На начальственный окрик Курбатов и ухом не повел.
– Господа, попросим оператора еще раз показать нам крохотный кусочек пленки, когда Шилов входит в кабинет – самое-самое начало. Лучше, если в замедленном варианте, – оператор быстро отыскал нужное. – Прошу смотреть внимательно, – продолжил Курбатов. – Он входит. Осматривается. Далее идет к журнальному столику, что справа (смотрите пристальнее), предельно осторожно ставит свой кейс рядом с кейсом Колобова. Все видели?
Откликается Фомин, в обязанности которого сейчас входит постоянно возражать.
– Ну, и что?
Курбатов смеется.
– Ничего. За исключением маленькой детали.
Фомин спрашивает:
– То, что осторожно ставит свой кейс? Ничего особенного. Вещь дорогая, мужик бережет.
Курбатов довольно фыркает.
– Не в этом дело!
– А в чем? Просвети олухов, если ты такой умный, – говорит, ухмыляясь, Фомин. Ему интуиция (опять та самая хваленая интуиция) подсказывает, что Курбатов на пороге открытия и он, Фомин, специально подзадоривает.
– Прошу оператора показать в режиме стоп-кадра тот момент, когда Шилов поставил свой кейс, – оператор выполнил просьбу. – Ну, смотрите, господа офицеры!
Самарин с Комаровым переглянулись. Комаров сказал:
– Смотрю в который раз и ничего не замечаю.
Курбатов продолжает:
– Заметьте: на пленке четко видно, что кейс Шилова стоит справа от кейса Колобова. Ну, убедитесь!
Самарин подтверждает:
– Действительно, справа. Что дальше?
Курбатов торжествует.
– Пока – ничего. Сейчас прошу оператора перегнать пленку туда, где Шилов встает, собираясь уходить, – оператор выполнил просьбу. – Внимание! Прошу следить за Шиловым! Он подходит к столику, где стоят кейсы. Останавливается перед кейсами. Обратите внимание: он – в раздумьях. Он размышляет, тот ли кейс собирается взять. Он сомневается сначала, но потом… Стоп, кадр! – оператор фиксирует. – Видите?
Комаров хлопает по колену.
– Ну, да! После секундного замешательства берет тот кейс, который слева, то есть кейс Колобова.
Фомин крутит головой.
– Ошибся.
За товарища заступается Самарин.
– Нет никакой ошибки: Шилов взял тот кейс, который должен был взять.
– Почему ты так решил? – подозрительно спрашивает Фомин.
Самарин восклицает:
– Я – понял!.. Так вот чего все время опасался Шилов?
– Чего? – тихо спросил Фомин.
– Он опасался собственного кейса!
– Скажешь тоже.
– А вы, господа офицеры, посмотрите, как он весь преобразился, насколько уверенная его походка; посмотрите, как небрежно, помахивая, несет кейс, как, подойдя к машине, открывает дверцу и небрежно бросает на заднее сиденье.
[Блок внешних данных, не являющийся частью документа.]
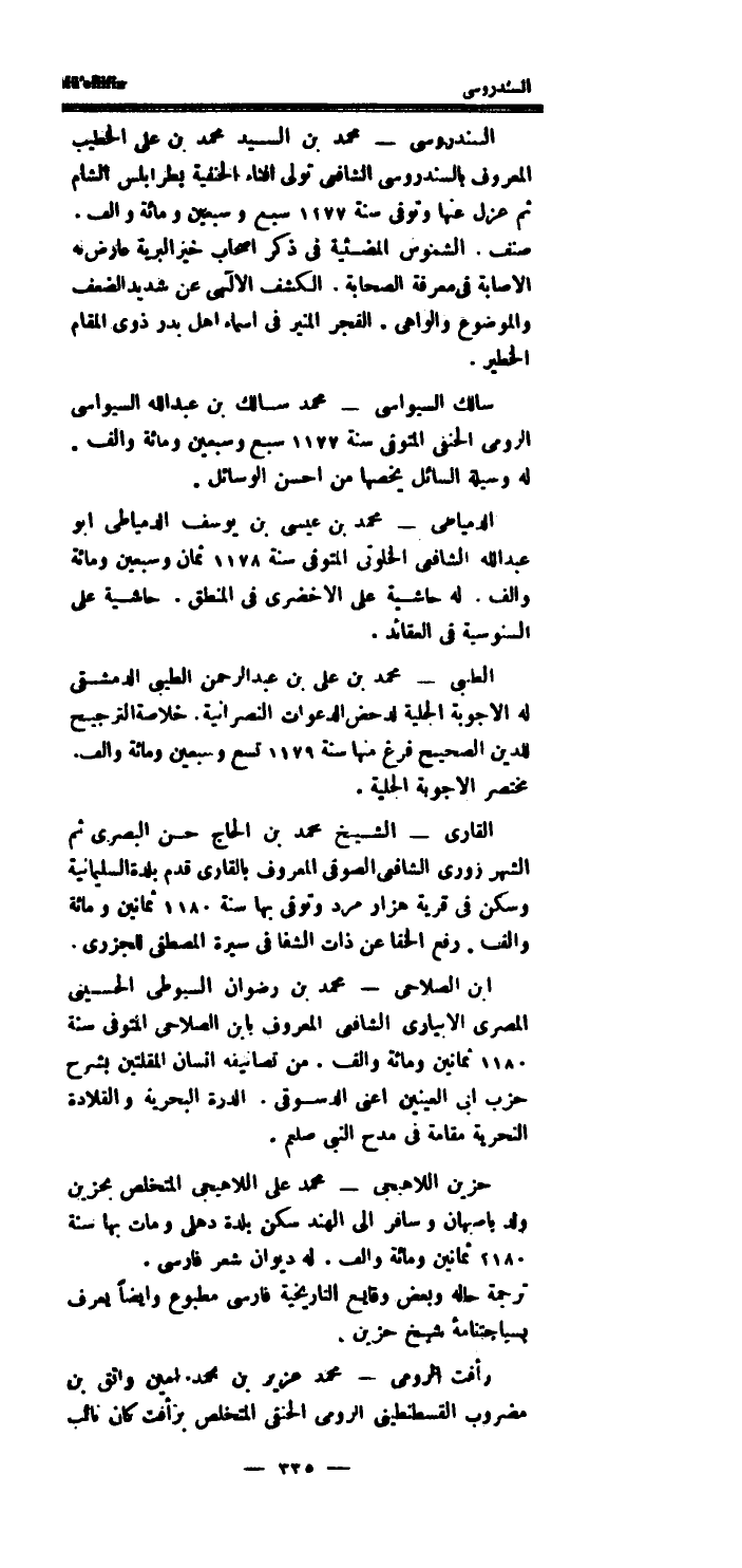 السندروسى مُحَمَّد بن السَّيِّد مُحَمَّد بن على الْخَطِيب الْمَعْرُوف بالسندروسى الشَّافِعِي تولى افناء الْحَنَفِيَّة بطرابلس الشَّام ثمَّ عزل عَنْهَا وَتوفى سنة 1177 سبع وَسبعين وَمِائَة والف.

Он знает: этот кейс не опасен для него.
Фомин хмыкает и обращается к Комарову:
– Дим, а Алешки-то правы… Несомненно, правы… Тут нет ошибки: Шилов принес свой кейс, чтобы его потом оставить, чтобы его, Шилова, кейс забрал Колобов. Убедившись, что Колобов вышел с его кейсом, Шилов преспокойно уехал.
Комаров уверенно сказал:
– В кейсе Шилова и было взрывное устройство, которое подняло на воздух машину Колобова.
Фомин поддержал:
– Получены неопровержимые доказательства причастности к смерти Колобова и его водителя господина Шилова Евгения Дмитриевича.
Комаров сказал:
– В этом давно никто не сомневался. Но был один вопрос, на который не было у нас ответа: как взрывчатка оказалась в машине Колобова?
– Теперь мы знаем ответ и на этот вопрос, – потирая от удовольствия руки, сказал Фомин. Он встал. – Кажется, с этой загадкой покончили. Можно и расходиться. Дел, мужики, у нас…
– Но надо же соответствующим образом оформить, – заметил Комаров.
Фомин ухмыльнулся.
– Разве кто-то спорит? Но это уже забота эксперта Комарова, а не наша. Ты – специалист по заключениям, а не мы. Кстати, пленки проходили экспертизу?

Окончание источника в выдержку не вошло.